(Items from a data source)
=== Begin Enclosure ===

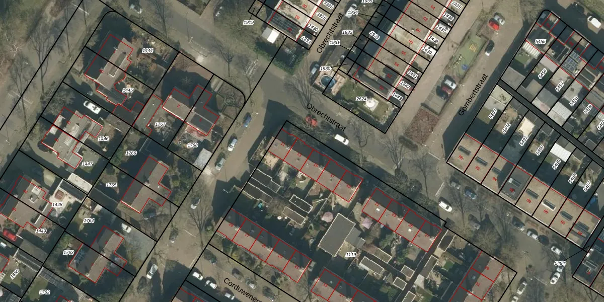 Het perceel waarop Obrechtstraat 13 staat heeft een oppervlakte van 4386 m². Dit is een zeer groot perceel. De perceeloppervlakte wordt geregistreerd door het Kadaster. Gedetailleerde informatie over de maten van dit perceel kunt u vinden in het rapport Kadastrale kaart met maatvoering van Obrechtstraat 13.
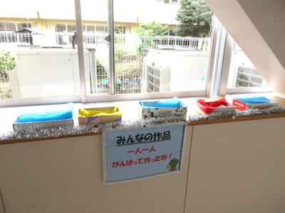 今回は、2年生の図画工作「でこぼこ はっけん!」の作品です。管理棟1階会議室前の特設コーナーにあります。
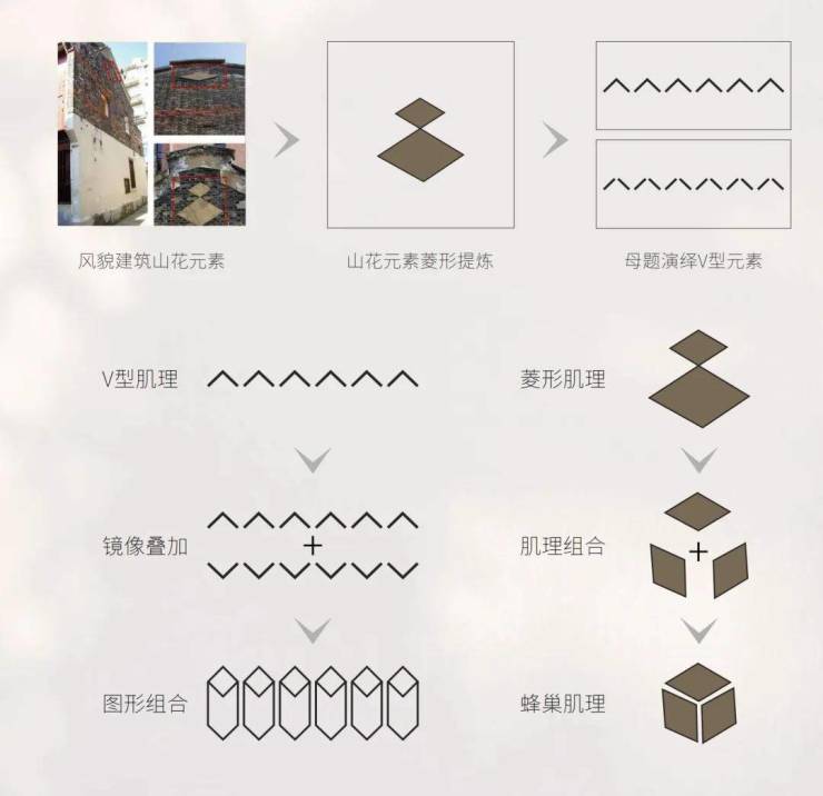 永兴里从老城厢建筑中提炼出“菱形山花”作为超级符号,将其转化为门头雕花、地库导视甚至园林小品的视觉母题。
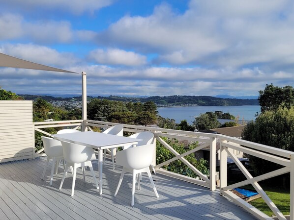 Perched above the bay, this peaceful haven in Snells Beach offers a spacious retreat. With unlimited WiFi and Netflix, unwind upstairs in the huge master bedroom or enjoy stunning views from the private mezzanine. A well-equipped kitchen with a Nespresso coffee machine is perfect for culinary exploration.
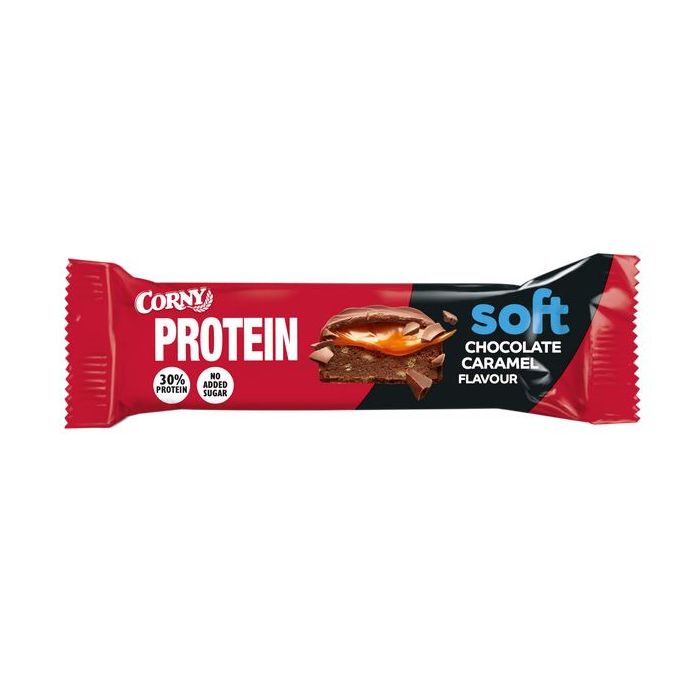 Las barritas Corny Protein soft de chocolate tienen una textura suave, con un sabroso y generoso relleno de caramelo recubierto con una cobertura de chocolate.
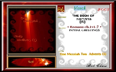 INTRODUCTION TO THE BOOK OF ROMANS The Nature & Purpose of the Annointing  1st Mardh 2005  Bob One Messiah Two  Advents (1)  8th March 2005  Bob
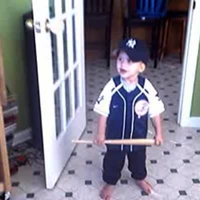 A little boy in a baseball player costume thinks that he is dressed up as a princess.

=== End Enclosure ===

INSTRUCTIONS TO FOLLOW — For this exercise, transcribe exactly the part of the records above that opens with the line containing "Las barritas Corny" and closes with the one containing "INTRODUCTION TO THE". Pictures are not part of the copy.

OUTPUT OF THE EXERCISE —
 Las barritas Corny Protein soft de chocolate tienen una textura suave, con un sabroso y generoso relleno de caramelo recubierto con una cobertura de chocolate.
 INTRODUCTION TO THE BOOK OF ROMANS The Nature & Purpose of the Annointing  1st Mardh 2005  Bob One Messiah Two  Advents (1)  8th March 2005  Bob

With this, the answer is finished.